Copy nothing but the lines below running from the line containing "Olvassa el a" through the line containing "キャロウェイ 半袖ポロシャツ レッド×ブルー×グリーン", both end lines included.
(Beginning of Dataset records)
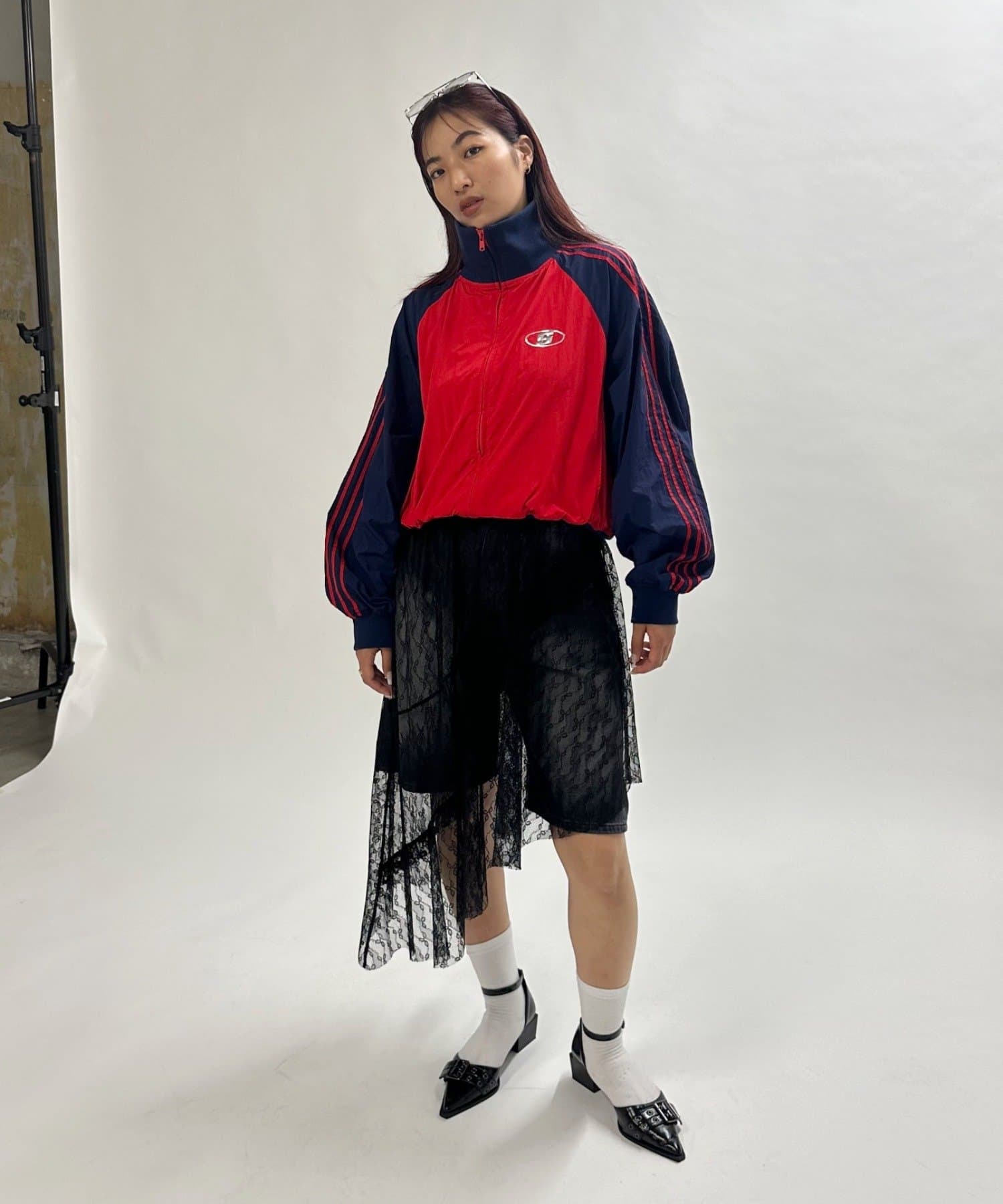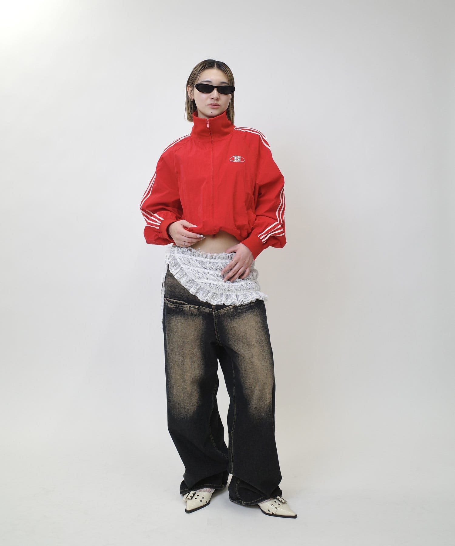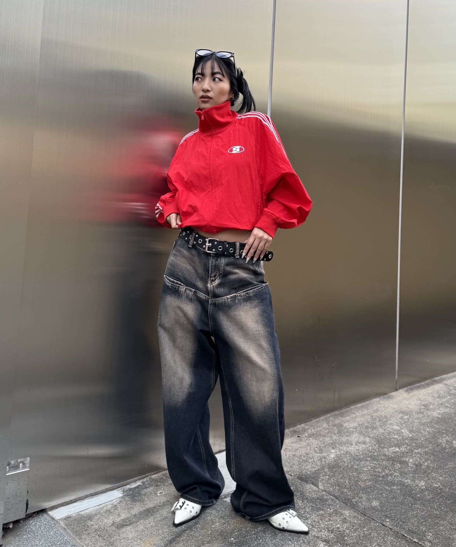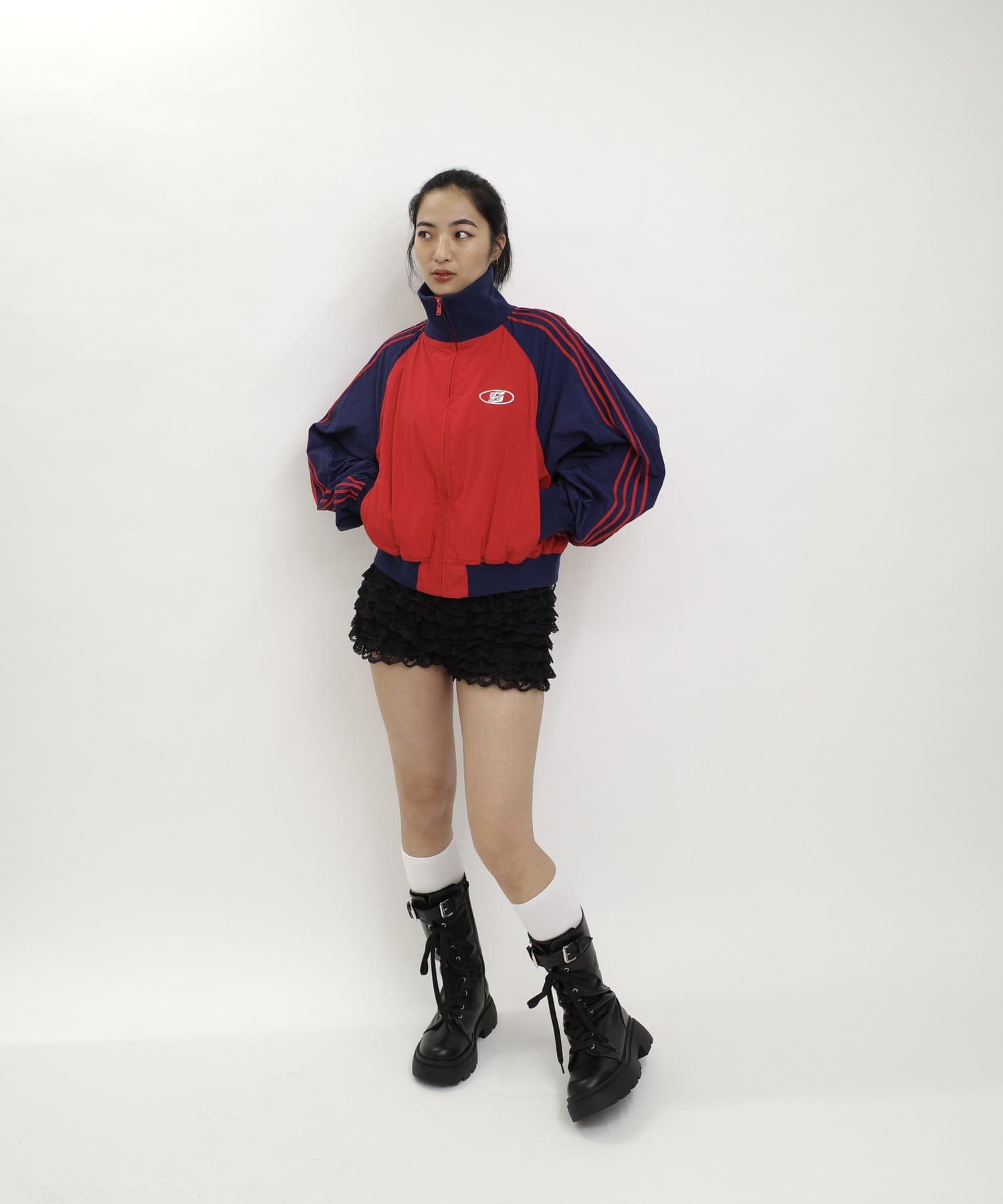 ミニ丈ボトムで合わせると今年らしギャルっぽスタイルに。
(End of Dataset records)
(Beginning of Dataset records)
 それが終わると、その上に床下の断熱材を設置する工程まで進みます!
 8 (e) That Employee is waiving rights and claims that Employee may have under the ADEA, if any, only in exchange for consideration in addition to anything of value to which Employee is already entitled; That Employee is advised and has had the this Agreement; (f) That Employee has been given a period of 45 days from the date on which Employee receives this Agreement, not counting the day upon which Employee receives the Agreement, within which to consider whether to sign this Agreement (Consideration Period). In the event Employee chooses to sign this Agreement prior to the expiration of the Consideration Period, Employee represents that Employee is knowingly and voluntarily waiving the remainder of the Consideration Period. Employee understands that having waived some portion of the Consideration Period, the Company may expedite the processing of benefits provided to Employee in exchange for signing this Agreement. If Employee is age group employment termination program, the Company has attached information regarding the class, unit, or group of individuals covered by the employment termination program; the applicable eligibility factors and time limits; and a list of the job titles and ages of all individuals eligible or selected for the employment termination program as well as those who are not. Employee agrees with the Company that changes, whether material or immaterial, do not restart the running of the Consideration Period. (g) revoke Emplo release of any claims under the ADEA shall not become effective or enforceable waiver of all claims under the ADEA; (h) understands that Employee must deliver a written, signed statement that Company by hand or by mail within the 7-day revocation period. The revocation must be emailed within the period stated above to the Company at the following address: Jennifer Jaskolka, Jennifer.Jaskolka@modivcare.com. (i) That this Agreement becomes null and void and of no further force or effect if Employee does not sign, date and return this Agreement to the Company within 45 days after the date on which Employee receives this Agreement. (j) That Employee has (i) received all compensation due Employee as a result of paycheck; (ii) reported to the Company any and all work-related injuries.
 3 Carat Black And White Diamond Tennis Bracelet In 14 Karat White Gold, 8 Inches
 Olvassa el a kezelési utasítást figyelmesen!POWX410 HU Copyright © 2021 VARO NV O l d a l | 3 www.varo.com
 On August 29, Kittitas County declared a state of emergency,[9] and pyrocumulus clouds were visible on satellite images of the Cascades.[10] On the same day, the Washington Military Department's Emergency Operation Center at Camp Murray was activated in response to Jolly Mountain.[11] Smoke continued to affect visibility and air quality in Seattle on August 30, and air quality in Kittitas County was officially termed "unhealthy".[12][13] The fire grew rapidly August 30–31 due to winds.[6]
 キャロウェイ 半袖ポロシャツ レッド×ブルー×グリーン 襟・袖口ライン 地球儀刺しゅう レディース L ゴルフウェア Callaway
(End of Dataset records)
## Response to this exercise
 Olvassa el a kezelési utasítást figyelmesen!POWX410 HU Copyright © 2021 VARO NV O l d a l | 3 www.varo.com
 On August 29, Kittitas County declared a state of emergency,[9] and pyrocumulus clouds were visible on satellite images of the Cascades.[10] On the same day, the Washington Military Department's Emergency Operation Center at Camp Murray was activated in response to Jolly Mountain.[11] Smoke continued to affect visibility and air quality in Seattle on August 30, and air quality in Kittitas County was officially termed "unhealthy".[12][13] The fire grew rapidly August 30–31 due to winds.[6]
 キャロウェイ 半袖ポロシャツ レッド×ブルー×グリーン 襟・袖口ライン 地球儀刺しゅう レディース L ゴルフウェア Callaway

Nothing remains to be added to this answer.